In the transport sector, first-generation biofuels are widely deployed in several countries – mainly bioethanol from starch and sugar crops and biodiesel from oil crops and residual oils and fats. Production costs of current biofuels vary significantly depending on the feedstock used (and their volatile prices), and on the scale of the plant. The potential for further deploying these first-generation technologies is high, subject to sustainable land use criteria being met.
First-generation biofuels face both social and environmental challenges, largely because they use food crops which could lead to food price increases and possibly indirect land use change. While such risks can be mitigated by regulation and sustainability assurance and certification, technology development is also advancing for next-generation processes that rely on non-food biomass (e.g., lignocellulosic feedstocks such as organic wastes, forestry residues, high-yielding woody or grass energy crops, and algae).
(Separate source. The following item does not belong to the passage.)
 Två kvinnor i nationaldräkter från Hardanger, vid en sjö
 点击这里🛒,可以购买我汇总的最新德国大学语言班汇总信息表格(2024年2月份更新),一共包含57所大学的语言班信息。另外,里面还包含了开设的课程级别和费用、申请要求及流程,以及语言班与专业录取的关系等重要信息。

The use of these feedstocks for second-generation biofuel production would significantly decrease the potential pressure on land use, improve greenhouse gas emission reductions when compared to some first-generation biofuels, and result in lower environmental and social risk.
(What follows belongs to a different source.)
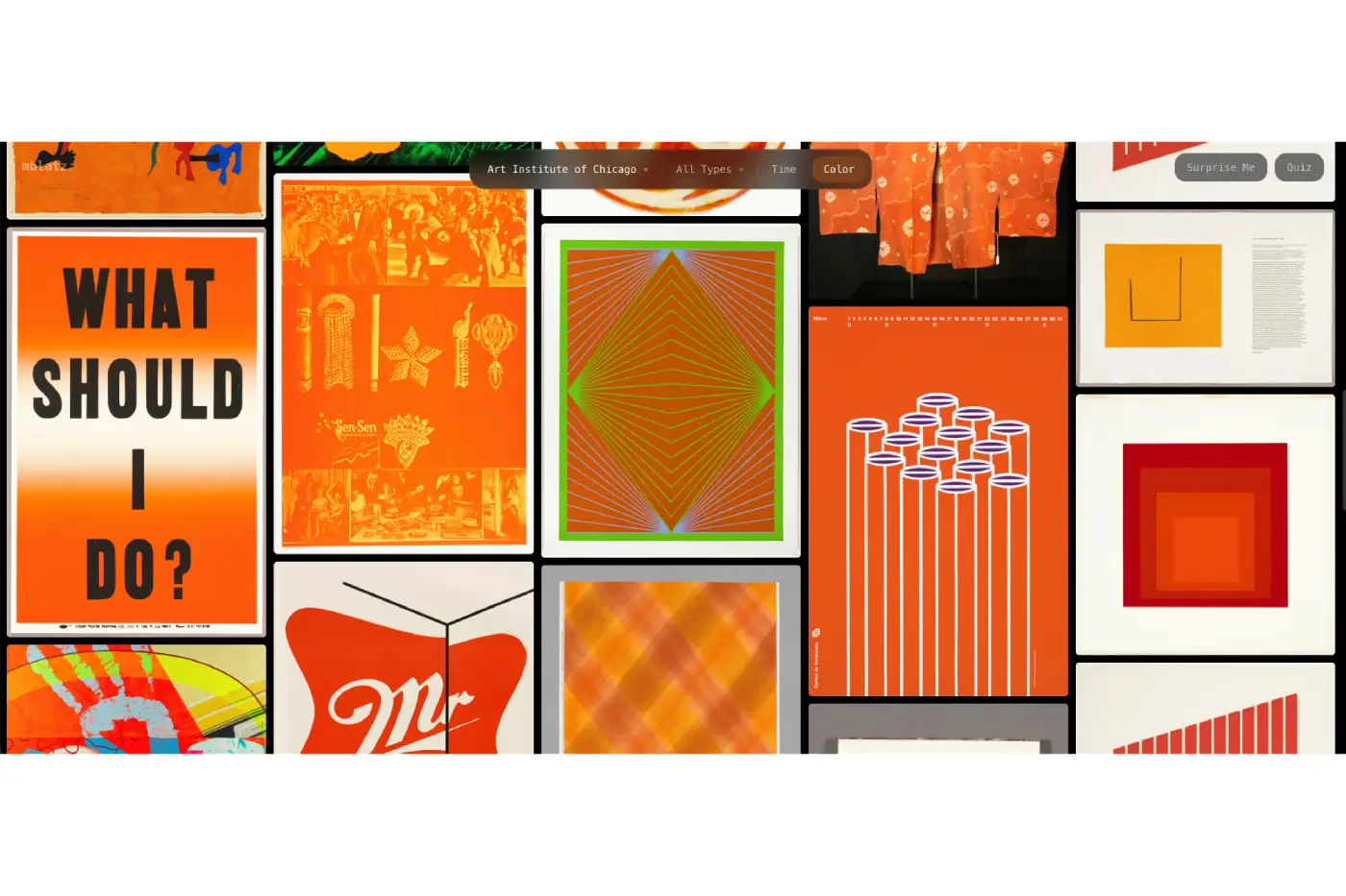 Multi-museum art explorer with infinite canvas, quizzes, and color/time filters

Second-generation technologies, mainly using lignocellulosic feedstocks for the production of ethanol, synthetic diesel, and aviation fuels, are still immature and need further development and investment to demonstrate reliable operation at commercial scale and to achieve cost reductions through scale-up and replication. The current level of activity in the area indicates that these routes are likely to become commercial over the next decade. Future generations of biofuels, such as oils produced from algae, are at the applied R&D stage, and require considerable development before they can become competitive contributors to the energy markets.
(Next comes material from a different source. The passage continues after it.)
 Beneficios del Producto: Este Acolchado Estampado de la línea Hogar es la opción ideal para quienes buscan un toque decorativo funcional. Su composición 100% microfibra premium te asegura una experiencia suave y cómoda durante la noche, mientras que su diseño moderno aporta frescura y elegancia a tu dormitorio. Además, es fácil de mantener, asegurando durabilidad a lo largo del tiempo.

Further development of bioenergy technologies is needed mainly to improve the efficiency, reliability, and sustainability of bioenergy chains. In the heat sector, improvement would lead to cleaner, more reliable systems linked to higher quality fuel supplies. In the electricity sector, the development of smaller and more cost-effective electricity or CHP systems could better match local resource availability. In the transport sector, improvements could lead to higher quality and more sustainable biofuels.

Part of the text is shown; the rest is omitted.